• Work task:
Beginning with the line containing "Cennik na dzień: 08-03-2017" and ending with the line containing "A breathtaking desktop", write out each line of the records below exactly; pictures and lines outside that range are left out.

• Information shown:
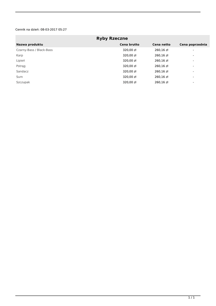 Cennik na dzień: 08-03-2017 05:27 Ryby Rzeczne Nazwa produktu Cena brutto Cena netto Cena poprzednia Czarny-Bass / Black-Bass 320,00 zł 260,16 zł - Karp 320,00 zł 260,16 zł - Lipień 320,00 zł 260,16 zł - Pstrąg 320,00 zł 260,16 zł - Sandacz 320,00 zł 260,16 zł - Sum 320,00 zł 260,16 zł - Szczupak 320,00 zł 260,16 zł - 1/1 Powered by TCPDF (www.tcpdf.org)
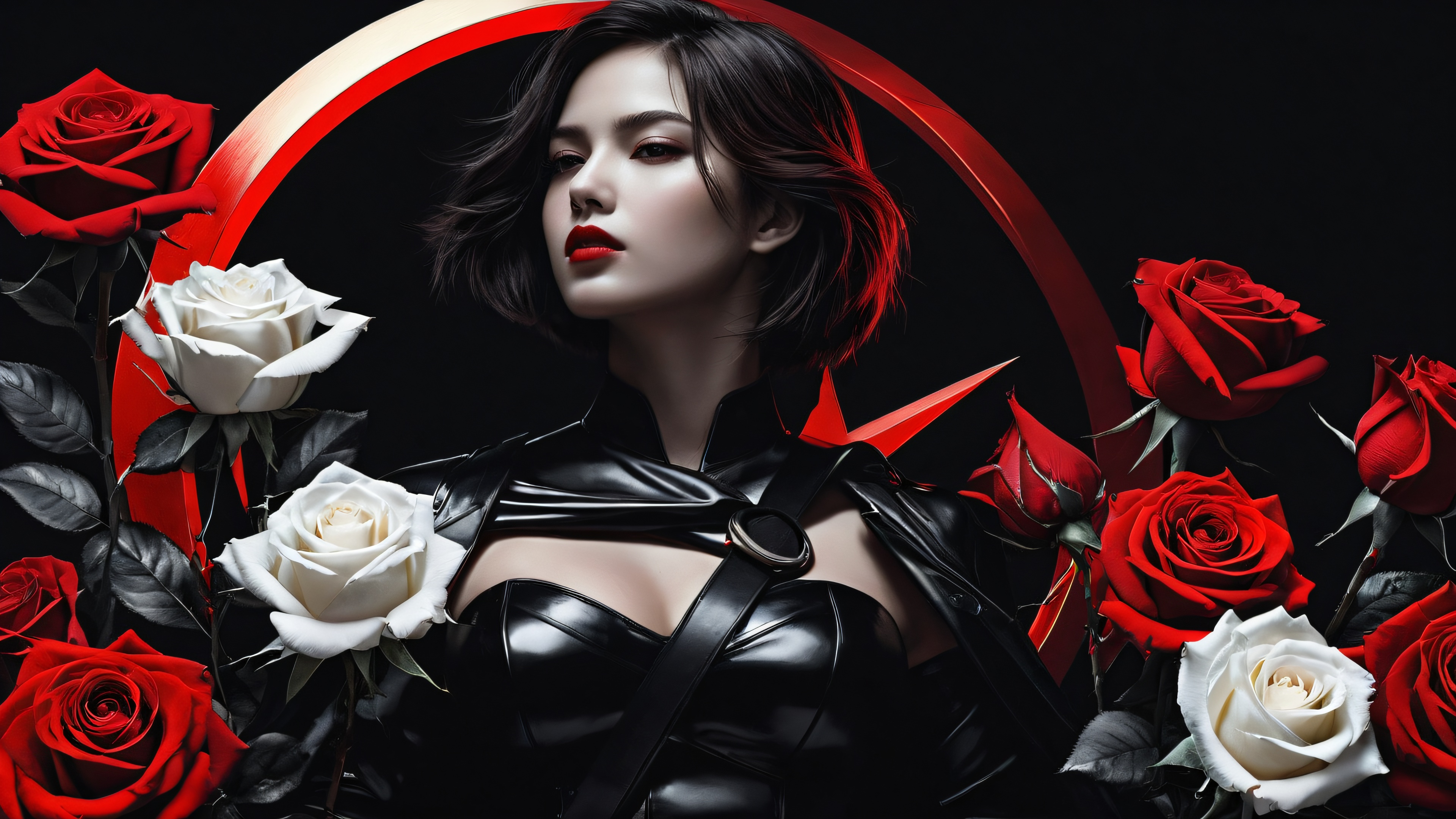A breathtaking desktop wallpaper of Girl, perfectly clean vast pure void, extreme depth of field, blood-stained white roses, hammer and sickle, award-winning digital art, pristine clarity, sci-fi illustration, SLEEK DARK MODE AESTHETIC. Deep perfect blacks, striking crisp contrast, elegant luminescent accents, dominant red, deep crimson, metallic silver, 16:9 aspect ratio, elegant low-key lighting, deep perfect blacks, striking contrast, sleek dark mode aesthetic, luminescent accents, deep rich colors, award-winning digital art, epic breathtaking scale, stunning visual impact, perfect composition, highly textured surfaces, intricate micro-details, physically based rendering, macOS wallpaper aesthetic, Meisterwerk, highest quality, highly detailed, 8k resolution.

...

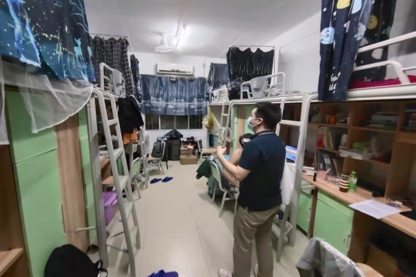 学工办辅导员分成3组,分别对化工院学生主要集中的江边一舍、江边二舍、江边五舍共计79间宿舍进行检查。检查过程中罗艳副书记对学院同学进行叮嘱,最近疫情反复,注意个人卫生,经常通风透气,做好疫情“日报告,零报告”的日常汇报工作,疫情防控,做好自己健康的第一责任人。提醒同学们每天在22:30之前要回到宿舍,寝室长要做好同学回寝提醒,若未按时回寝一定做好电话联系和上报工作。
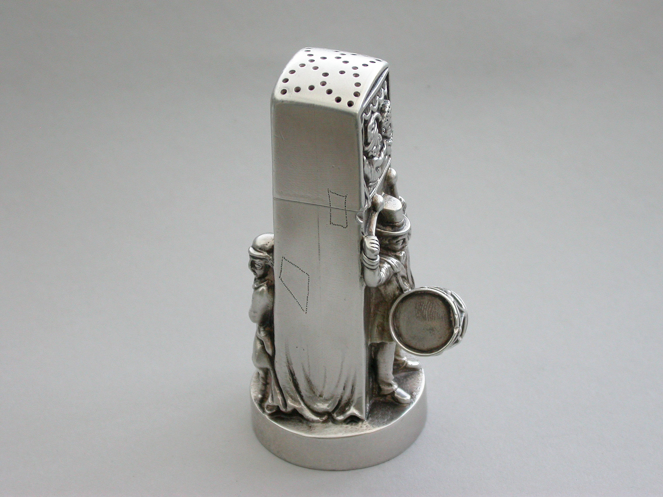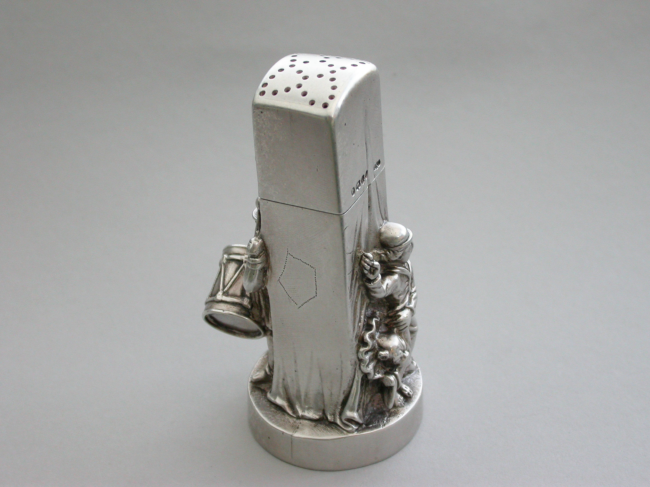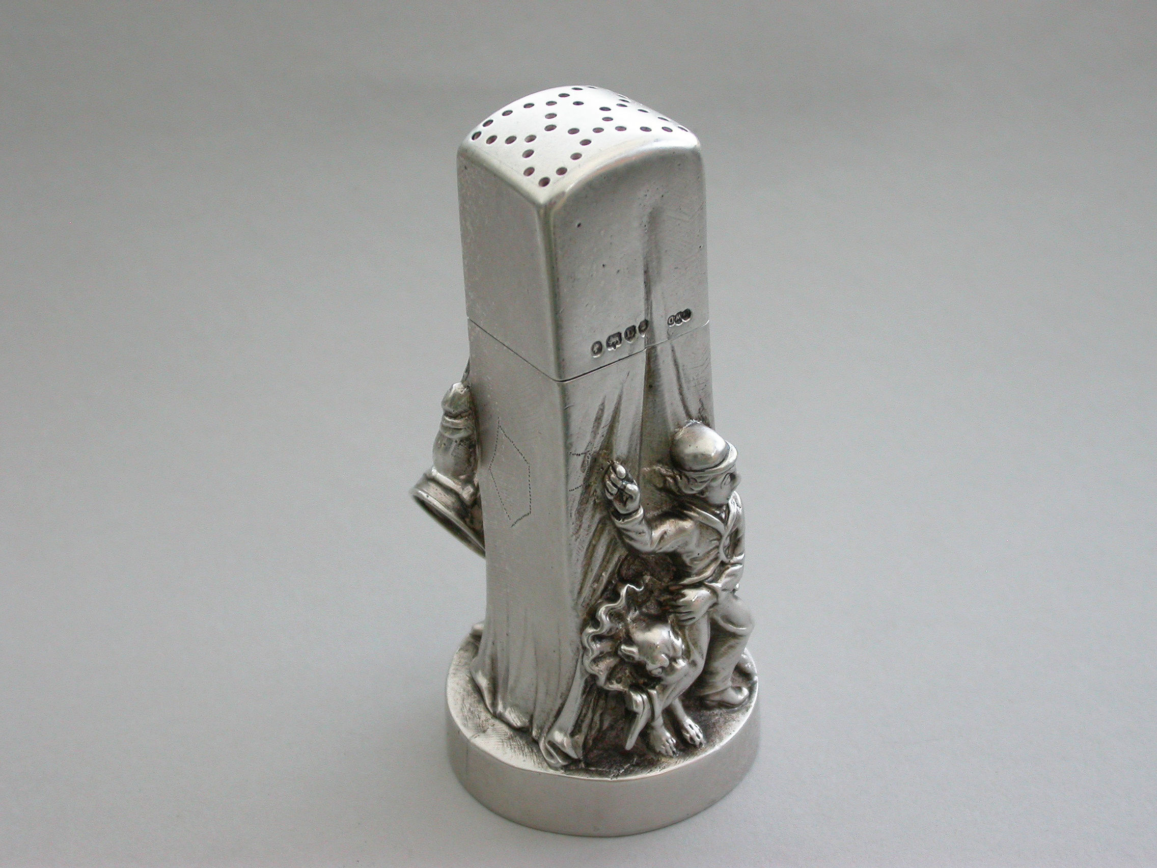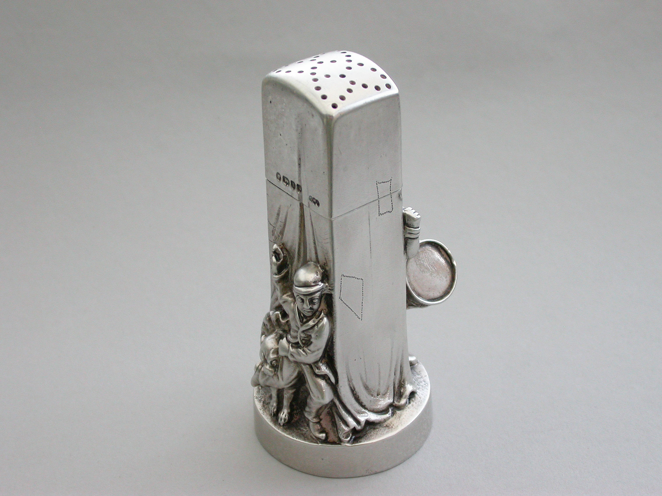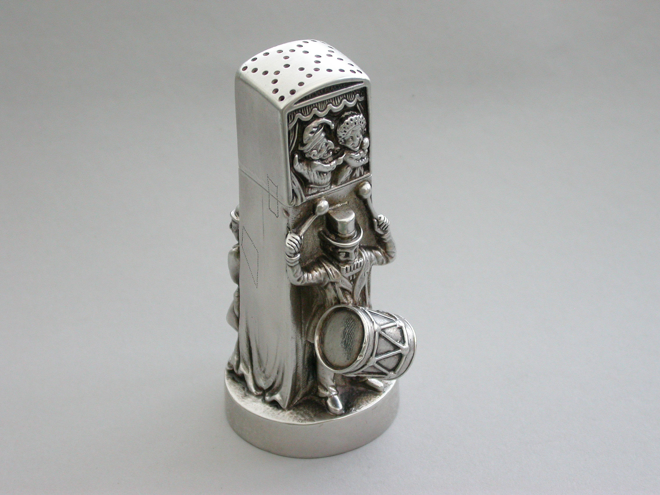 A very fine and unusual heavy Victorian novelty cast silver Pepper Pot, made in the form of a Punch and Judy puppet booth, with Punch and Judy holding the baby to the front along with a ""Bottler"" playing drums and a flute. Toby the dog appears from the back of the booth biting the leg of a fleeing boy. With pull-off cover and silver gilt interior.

• Result for this task:
 Cennik na dzień: 08-03-2017 05:27 Ryby Rzeczne Nazwa produktu Cena brutto Cena netto Cena poprzednia Czarny-Bass / Black-Bass 320,00 zł 260,16 zł - Karp 320,00 zł 260,16 zł - Lipień 320,00 zł 260,16 zł - Pstrąg 320,00 zł 260,16 zł - Sandacz 320,00 zł 260,16 zł - Sum 320,00 zł 260,16 zł - Szczupak 320,00 zł 260,16 zł - 1/1 Powered by TCPDF (www.tcpdf.org)
A breathtaking desktop wallpaper of Girl, perfectly clean vast pure void, extreme depth of field, blood-stained white roses, hammer and sickle, award-winning digital art, pristine clarity, sci-fi illustration, SLEEK DARK MODE AESTHETIC. Deep perfect blacks, striking crisp contrast, elegant luminescent accents, dominant red, deep crimson, metallic silver, 16:9 aspect ratio, elegant low-key lighting, deep perfect blacks, striking contrast, sleek dark mode aesthetic, luminescent accents, deep rich colors, award-winning digital art, epic breathtaking scale, stunning visual impact, perfect composition, highly textured surfaces, intricate micro-details, physically based rendering, macOS wallpaper aesthetic, Meisterwerk, highest quality, highly detailed, 8k resolution.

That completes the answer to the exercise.